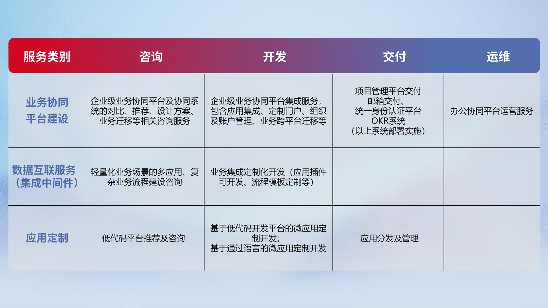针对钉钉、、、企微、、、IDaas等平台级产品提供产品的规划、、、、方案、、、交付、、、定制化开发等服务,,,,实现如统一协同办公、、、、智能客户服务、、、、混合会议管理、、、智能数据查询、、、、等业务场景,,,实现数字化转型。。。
○ ○ ○
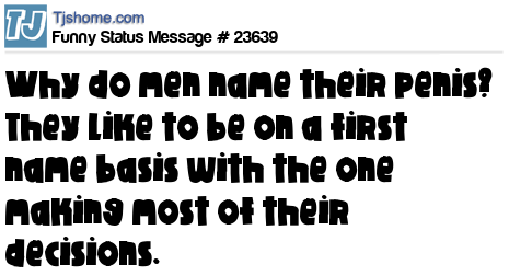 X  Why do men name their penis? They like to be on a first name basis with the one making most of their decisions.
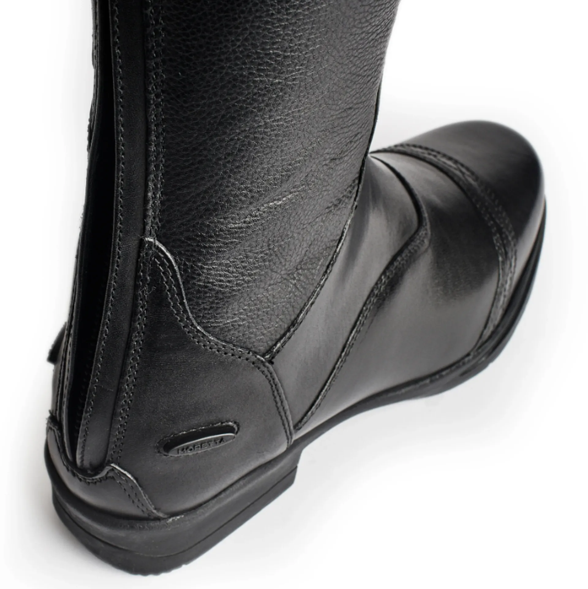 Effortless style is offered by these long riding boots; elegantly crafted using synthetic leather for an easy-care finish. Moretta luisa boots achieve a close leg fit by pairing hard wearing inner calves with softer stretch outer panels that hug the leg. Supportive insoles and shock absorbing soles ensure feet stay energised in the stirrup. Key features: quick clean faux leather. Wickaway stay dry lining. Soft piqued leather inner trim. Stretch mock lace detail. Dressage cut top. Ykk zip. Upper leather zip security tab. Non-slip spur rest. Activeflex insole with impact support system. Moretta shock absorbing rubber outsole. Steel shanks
○ ○ ○
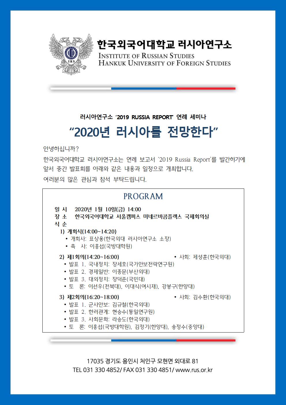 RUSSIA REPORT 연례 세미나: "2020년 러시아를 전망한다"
○ ○ ○
§ THE TASK
Your task is to copy only the lines above starting at the one containing "of their decisions." and ending at the one containing "Effortless style is". Copy them exactly, both ends included, and omit the pictures.

§ YOUR RESPONSE
 X  Why do men name their penis? They like to be on a first name basis with the one making most of their decisions.
 Effortless style is offered by these long riding boots; elegantly crafted using synthetic leather for an easy-care finish. Moretta luisa boots achieve a close leg fit by pairing hard wearing inner calves with softer stretch outer panels that hug the leg. Supportive insoles and shock absorbing soles ensure feet stay energised in the stirrup. Key features: quick clean faux leather. Wickaway stay dry lining. Soft piqued leather inner trim. Stretch mock lace detail. Dressage cut top. Ykk zip. Upper leather zip security tab. Non-slip spur rest. Activeflex insole with impact support system. Moretta shock absorbing rubber outsole. Steel shanks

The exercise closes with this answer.